> EXERCISE DESCRIPTION: Without the pictures, repeat all of the data exactly as it appears below.

> SOURCE DATA:

------

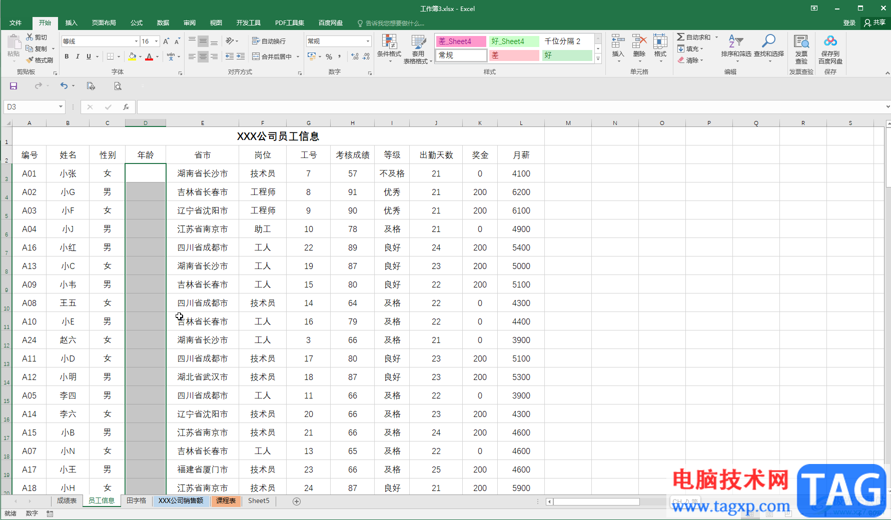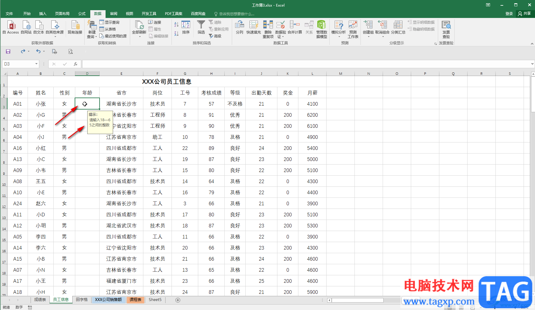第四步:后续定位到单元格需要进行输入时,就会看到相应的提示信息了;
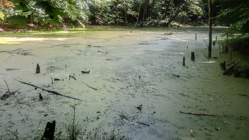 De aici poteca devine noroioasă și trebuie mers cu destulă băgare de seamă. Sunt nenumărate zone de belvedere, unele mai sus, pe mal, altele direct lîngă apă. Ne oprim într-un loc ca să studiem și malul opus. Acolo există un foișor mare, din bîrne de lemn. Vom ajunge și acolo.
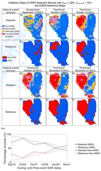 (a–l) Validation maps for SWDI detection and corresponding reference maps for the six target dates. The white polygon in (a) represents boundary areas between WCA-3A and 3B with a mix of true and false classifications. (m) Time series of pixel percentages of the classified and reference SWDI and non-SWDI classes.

------

> RESULT OF THE TASK:
第四步:后续定位到单元格需要进行输入时,就会看到相应的提示信息了;
 De aici poteca devine noroioasă și trebuie mers cu destulă băgare de seamă. Sunt nenumărate zone de belvedere, unele mai sus, pe mal, altele direct lîngă apă. Ne oprim într-un loc ca să studiem și malul opus. Acolo există un foișor mare, din bîrne de lemn. Vom ajunge și acolo.
 (a–l) Validation maps for SWDI detection and corresponding reference maps for the six target dates. The white polygon in (a) represents boundary areas between WCA-3A and 3B with a mix of true and false classifications. (m) Time series of pixel percentages of the classified and reference SWDI and non-SWDI classes.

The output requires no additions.